# TASK ITEM:
Each line of the data below that holds the word "with" is to be reported in full.

# RECORDS SUPPLIED:
-- -- --
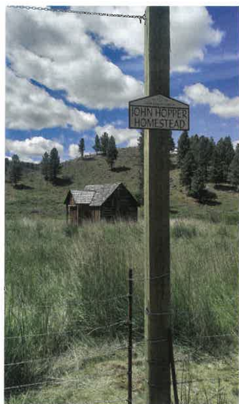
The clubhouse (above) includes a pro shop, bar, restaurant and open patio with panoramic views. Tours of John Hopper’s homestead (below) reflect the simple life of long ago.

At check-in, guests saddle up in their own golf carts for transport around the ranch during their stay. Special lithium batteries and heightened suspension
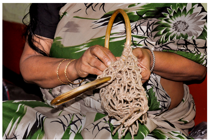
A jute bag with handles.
-- -- --
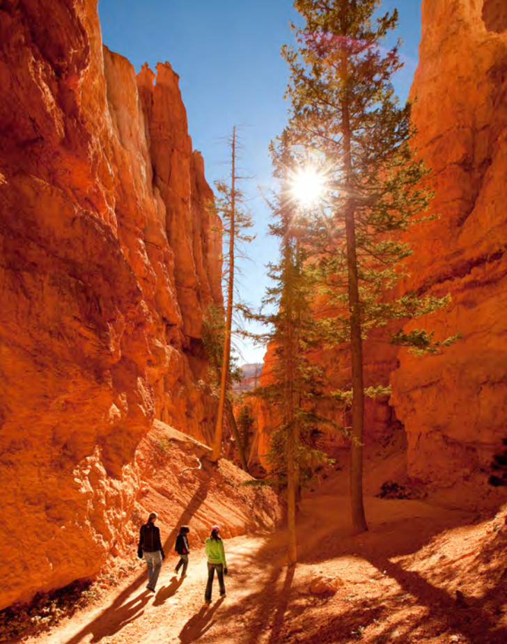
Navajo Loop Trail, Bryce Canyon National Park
-- -- --
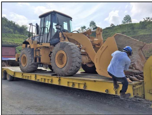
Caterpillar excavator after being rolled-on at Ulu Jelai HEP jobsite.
-- -- --
# EXERCISE RESULT:
The clubhouse (above) includes a pro shop, bar, restaurant and open patio with panoramic views. Tours of John Hopper’s homestead (below) reflect the simple life of long ago.
A jute bag with handles.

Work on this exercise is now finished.